Assignment 5

XPath to SQL Translation
Due Date: June 3rd, 2010




For a starting point, here is a sample solution to Assignment 3.

In this assignment we want to translate XPath queries that use /, //, following, preceding, following-sibling, and filters ([..]) into SQL queries.
In a filter there is only one path expression which starts with "." or with "/".
Filter are not nested, but may appear in sequence, e.g., //a[./b][//c]//d.
Node tests are restricted to text(), or star ("*"), or one letter (e.g., "a").
Your program will receive as input the name of an XML file, and the XPath expression (written in quotes "/a//b/...").
The program should generate as output a sequence of SQL INSERT-statements, followed by one SQL query.
The INSERT-statements generate a table representation of the XML file.
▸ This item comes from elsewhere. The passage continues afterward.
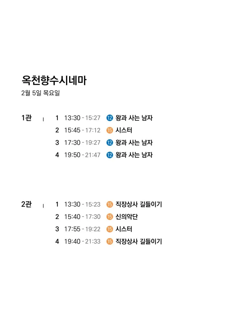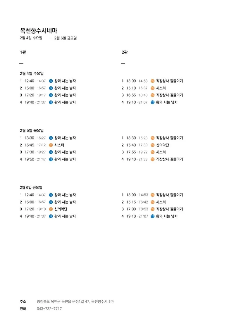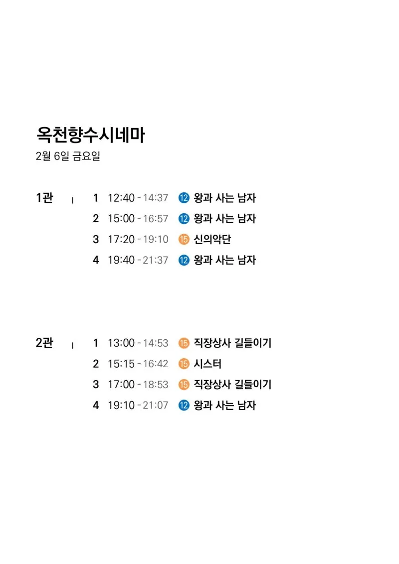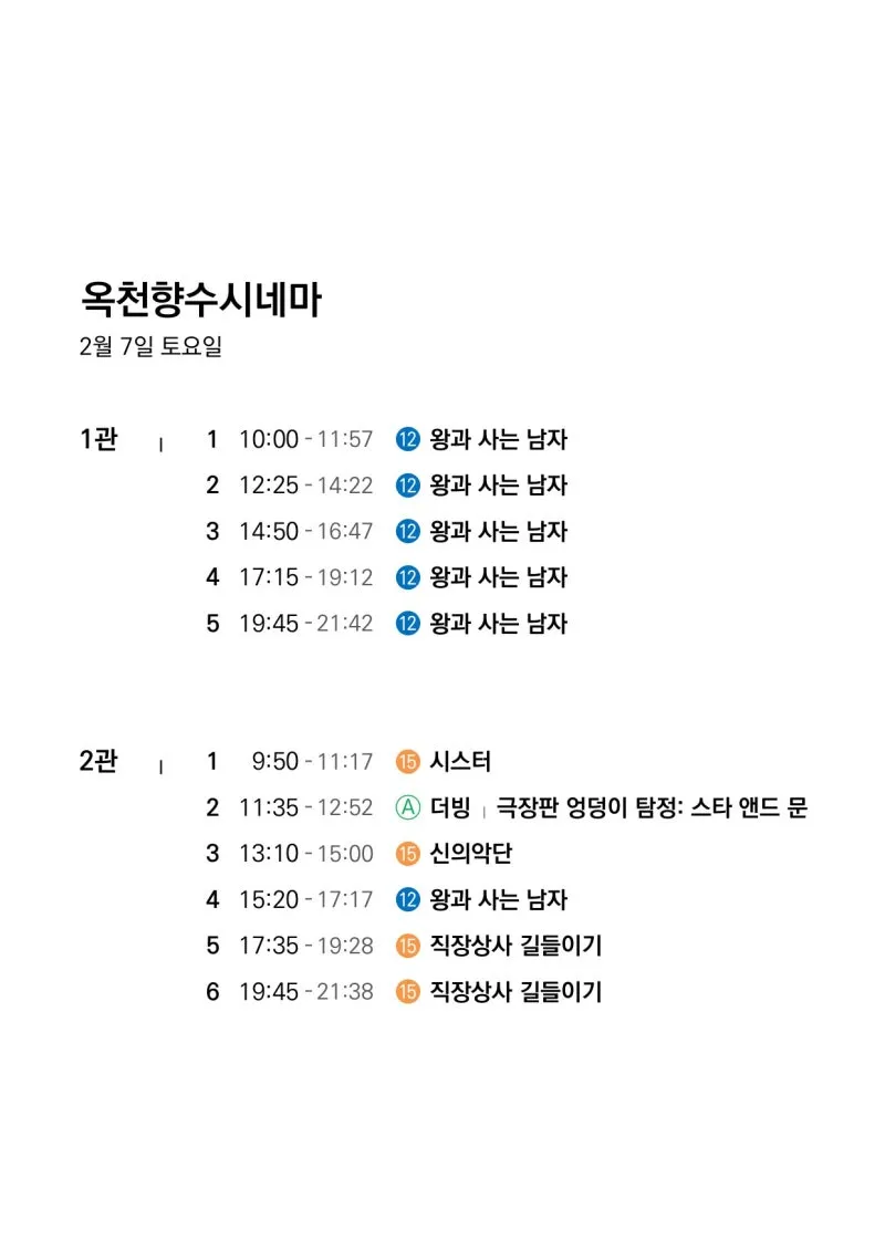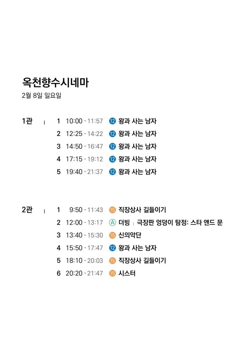 📽2월 4일(수)~2월 10일(화) 일일 상영 영화 시간표📽

For instance, you can generate
a PRE/POST/PARENT-table as in Assignment 3. You may also add other columns to that table, if you feel appropriate.
The SQL query should produce as results exactly the pre-number of the nodes that are selected by the given XPath query.
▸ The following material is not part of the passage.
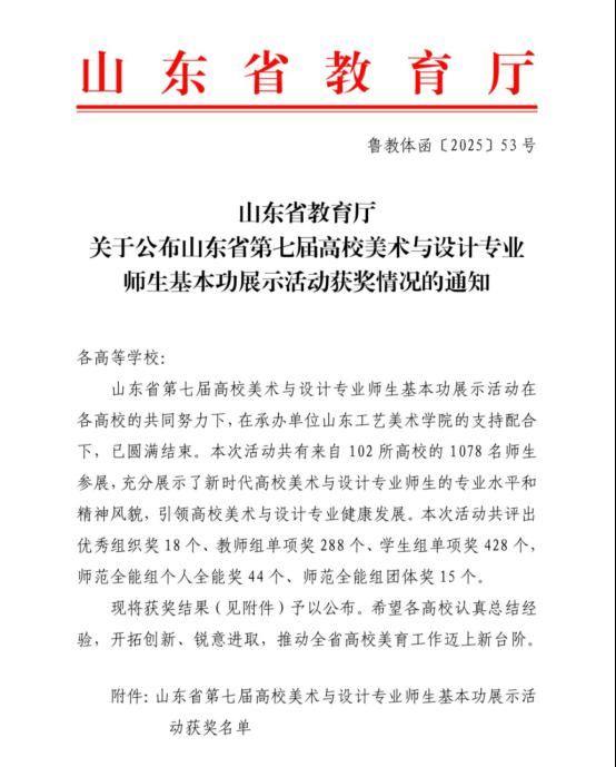 近日,山东省教育厅公布山东省第七届高校美术与设计专业师生基本功展示活动获奖名单。学校选送的10名参赛教师荣获一等奖8项、二等奖1项、三等奖1项,创永利官网参加该赛事以来的最好成绩。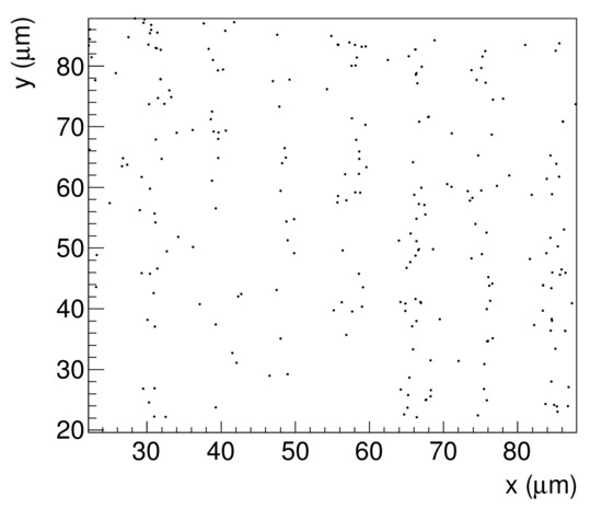 To use this emulsion detector as an imaging device, we need a statistics to discuss the transmission of the material, for which this image is insufficient. We performed a Rayleigh test [19,20] to check the periodicity of Figure 5. Here, we obtained the periodicity d and rotation for each of the n tracks at the maximum of the following equations for the starting point coordinates :

Your program only needs to output text, as shown below. You do not need to interfere with the database.
If the output text is fed into mysql, as shown below, then it must produce the correct pre-numbers selected by the XPath query.

Note that we do not care about attributes here. So you do not need to represent them in a table,
but may simply ignore them.

If your program works for //, following, and preceding, then this is worth 3 Points.
If your program works for / and following-sibling, then that is worth 3 Points.
If additionally filters are supported then that is worth another 4 Points.
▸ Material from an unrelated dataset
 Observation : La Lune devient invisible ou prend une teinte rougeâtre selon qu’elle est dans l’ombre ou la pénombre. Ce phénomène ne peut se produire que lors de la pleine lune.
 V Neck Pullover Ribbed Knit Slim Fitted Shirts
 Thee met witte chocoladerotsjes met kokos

Bonus You can earn 2 bonus points, if you manage to add in filters (1) equality test of string values (2) the contains-predicate.

As an example, consider the small "book.xml" document from Assignment 1:

<book isbn="1-2345-6789-0" year="1994">
<title>TCP/IP Illustrated</title>
<author><last>Stevens</last><first>John</first></author>
<publisher>Addison-Wesley</publisher>
<price currency="USD">65.95</price>
</book>

As with Assignment 3, you should generate a table with name z1234567_book_tbl, where the number after the "z" is your student ID.
Do not forget to insert the additional root node with PRE-value 0.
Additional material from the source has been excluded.